Two Key Findings: (1) All LLMs demonstrate accuracy decay as they ascend the ladder (Gemin3-Pro drops 20+ points; Humans drop only 4.8). (2) Reasoning-optimized models are significantly more robust at higher levels compared to instruction-tuned models.

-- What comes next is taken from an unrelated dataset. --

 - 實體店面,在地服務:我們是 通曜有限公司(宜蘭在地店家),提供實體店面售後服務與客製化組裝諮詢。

Error Distribution Analysis (Ratio of distractor types in Zero-shot errors)¶

Distractor Type	Discovery (Qwen3-4B)	Intervention	Counterfactual
Irrelevant Fact	55.41%	26.87%	24.15%
Unfounded	22.20%	39.43%	36.77%
Contradictory	5.69%	20.96%	33.87%
Causal Reversal	16.70%	12.74%	5.22%

Discovery: Failures primarily caused by irrelevant facts (55%)—models choose statements that are true in context but irrelevant to the causal chain.
Higher-level: Unfounded and Contradictory errors surge, indicating a collapse in faithfulness.
Counterfactual: Contradictory errors reach 33.87%, showing models fail to maintain logical consistency under hypothetical scenarios.

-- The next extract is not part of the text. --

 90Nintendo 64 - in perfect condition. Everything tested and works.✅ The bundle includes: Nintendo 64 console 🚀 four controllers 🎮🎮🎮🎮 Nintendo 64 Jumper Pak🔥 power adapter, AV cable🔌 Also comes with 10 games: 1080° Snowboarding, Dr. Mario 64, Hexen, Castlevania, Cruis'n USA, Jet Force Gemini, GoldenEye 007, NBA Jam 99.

Information Flow Analysis (Avg. Saliency of Qwen3-4B)¶

Metric	Discovery (Cor / Err)	Intervention	Counterfactual
\(S_{E\to O}\) (evidence→option)	0.1690 / 0.1247	0.1144 / 0.0936	0.1095 / 0.0988
\(S_{N\to O}\) (noise→option)	0.0945 / 0.1262	0.0858 / 0.0858	0.0805 / 0.0884

Discovery error samples: \(S_{E\to O}\) drops while \(S_{N\to O}\) rises, confirming "distraction by irrelevant facts" at the mechanistic level.
Intervention/Counterfactual: Regardless of correctness, \(S_{E\to O}\) remains low (~0.10), suggesting models rely on internal knowledge rather than context.

Attention Masking Causal Verification (Qwen3-4B)¶

Masking \(E\to O\) flow in shallow layers (1-24) drops Discovery accuracy from 0.827 to 0.579, while masking it in deep layers has no effect, proving evidence aggregation occurs in shallow layers.

Key Findings¶

Model Scale vs. Level: For Qwen3, discovery saturates early (4B≈32B), while intervention/counterfactual improve by 40%+, suggesting high-level reasoning requires scale while discovery requires basic reading.
CoT is not a silver bullet: Llama-3.3-70B gains 5 points on counterfactuals with CoT, while GPT-4o drops 2 points, possibly due to CoT introducing noise into already optimized paths.
Counterfactuals remain the ultimate hurdle: LLMs show the largest gap compared to humans in L3 (73% vs 91%).

Highlights & Insights¶

Unified-context Design: Quantifying performance decay under identical facts eliminates difficulty as a confounding factor.
Behavior-Mechanism Link: The paper connects "what kind of errors" (distractors) to "why they happen" (information flow) and verifies it via masking.
Value of Information Flow: Explicitly providing evidence spans in prompts improves accuracy by 2-3 points across models, indicating that RAG's true value lies in strengthening information flow.

Limitations & Future Work¶

Limitations: Analysis is restricted to open-source models; de-contamination is black-box; distractors generated by LLMs may introduce bias. Future Work: Designing training objectives to specifically strengthen \(S_{E\to O}\); expanding to open-ended generation; investigating how RLHF reshapes causal information flow.

Ours vs Commonsense Paradigms (CRASS, etc.): Others rely on prior knowledge; ours strictly evaluates evidence-based contextual reasoning.
Ours vs Discovery-only (WIKIWHY, etc.): Ours is the first to test the full hierarchy under a unified context.
Insight: Benchmarks should evolve from reporting scores to providing "Scores + Error Distribution + Mechanistic Analysis + Causal Verification."

Rating¶

Novelty: ⭐⭐⭐⭐ Unified-context multi-level evaluation + information flow analysis is a clear innovation.
Experimental Thoroughness: ⭐⭐⭐⭐⭐ High coverage (12 models, 4 prompts, multi-level mechanisms).
Writing Quality: ⭐⭐⭐⭐⭐ Clear definitions, logical narrative, and persuasive case studies.
Value: ⭐⭐⭐⭐⭐ Public code and 4,145 high-quality samples are indispensable resources for the community.